Since attention mechanism was introduced in neural machine translation, attention has been combined with the long short-term memory (LSTM) or replaced the LSTM in a transformer model to overcome the sequence-to-sequence (seq2seq) problems with the LSTM. In contrast to the neural machine translation, audio–visual speech recognition (AVSR) may provide improved performance by learning the correlation between audio and visual modalities. As a result that the audio has richer information than the video related to lips, AVSR is hard to train attentions with balanced modalities. In order to increase the role of visual modality to a level of audio modality by fully exploiting input information in learning attentions, we propose a dual cross-modality (DCM) attention scheme that utilizes both an audio context vector using video query and a video context vector using audio query.
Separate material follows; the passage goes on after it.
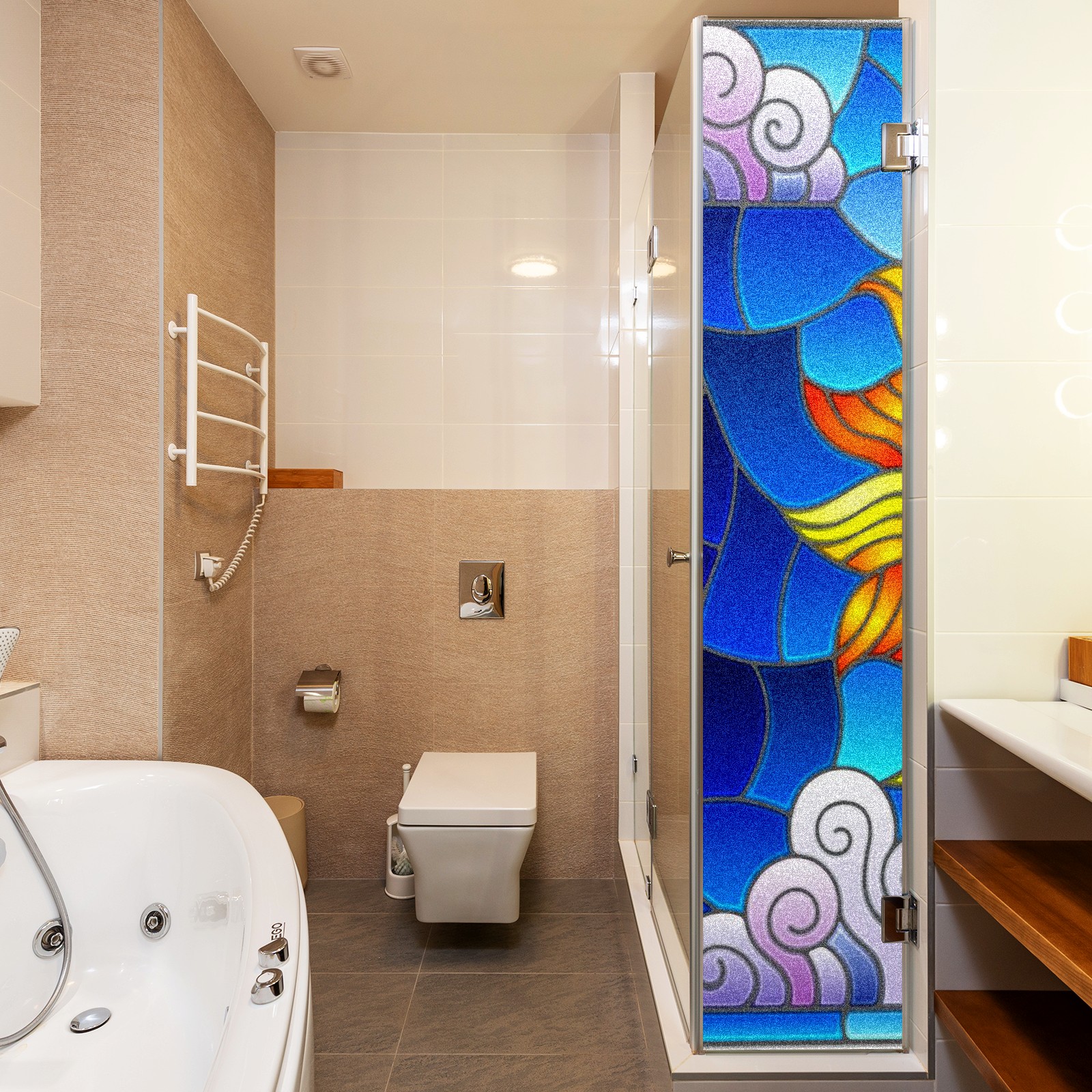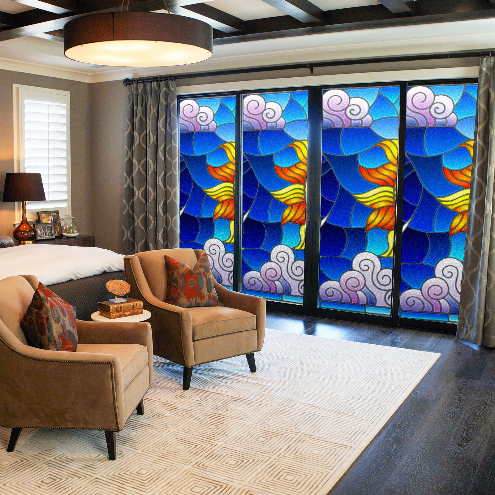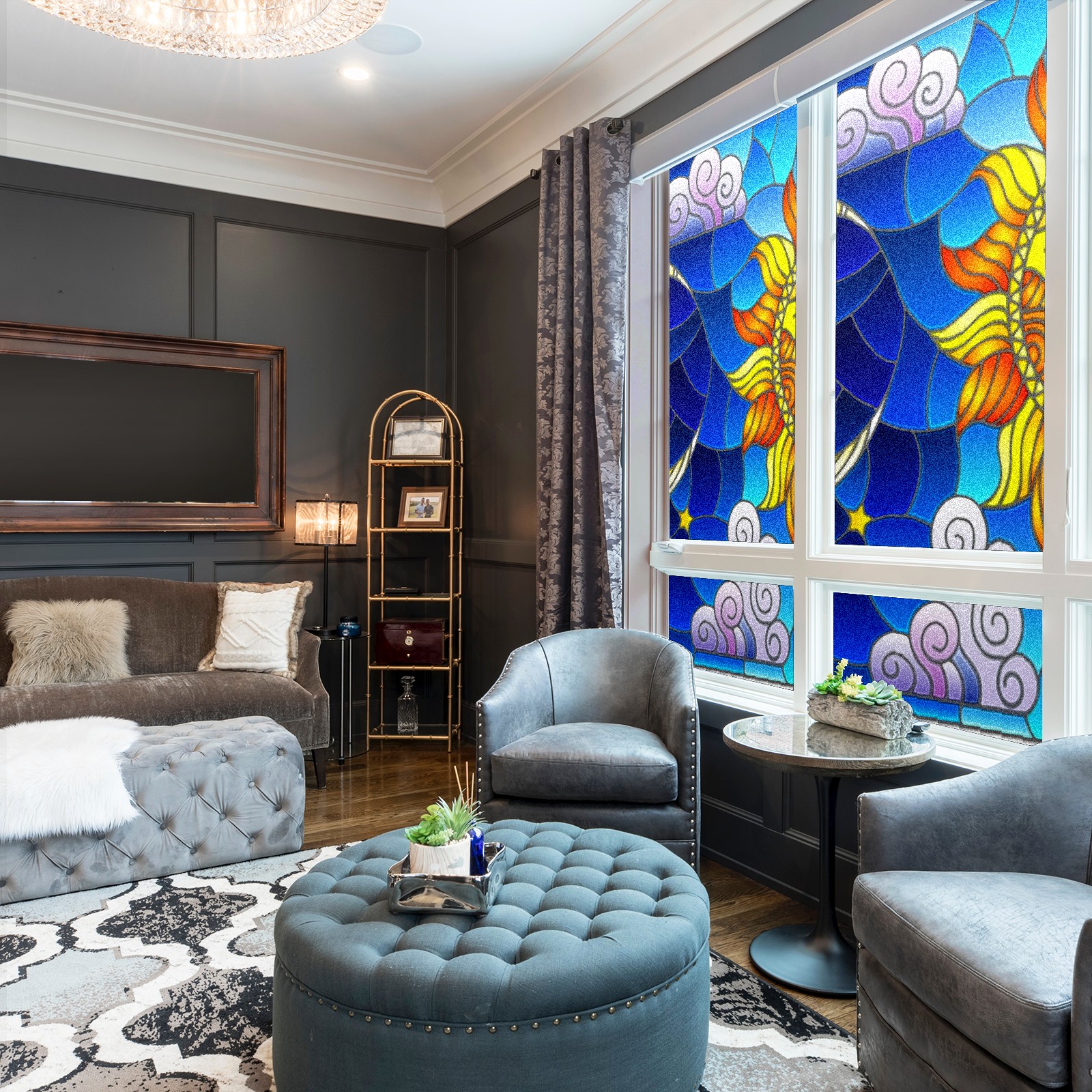 Static Cling Decorative Window Film Frosted Privacy Film Window Clings for Glass Windows No Glue Window Sticker for Bathroom Bedroom Office Sun Moon Stained Glass

Furthermore, we introduce a connectionist-temporal-classification (CTC) loss in combination with our attention-based model to force monotonic alignments required in AVSR. Recognition experiments on LRS2-BBC and LRS3-TED datasets showed that the proposed model with the DCM attention scheme and the hybrid CTC/attention architecture achieved at least a relative improvement of 7.3% on average in the word error rate (WER) compared to competing methods based on the transformer model.

Highlights

  • Automatic speech recognition (ASR) has attracted much interest because speech is the most convenient, natural, and user-friendly interface to various kinds of devices

  • Recognition experiments on LRS2-BBC and LRS3-TED datasets showed that the proposed model with the dual cross-modality (DCM) attention scheme and the hybrid CTC/attention architecture achieved at least a relative improvement of 7.3% on average in the word error rate (WER) compared to competing methods based on the transformer model

  • We introduce a connectionist-temporal-classification (CTC) loss in combination with our attention-based model to force monotonic alignments, which results in a hybrid CTC/attention architecture to improve the performance of audio–visual speech recognition (AVSR) [19]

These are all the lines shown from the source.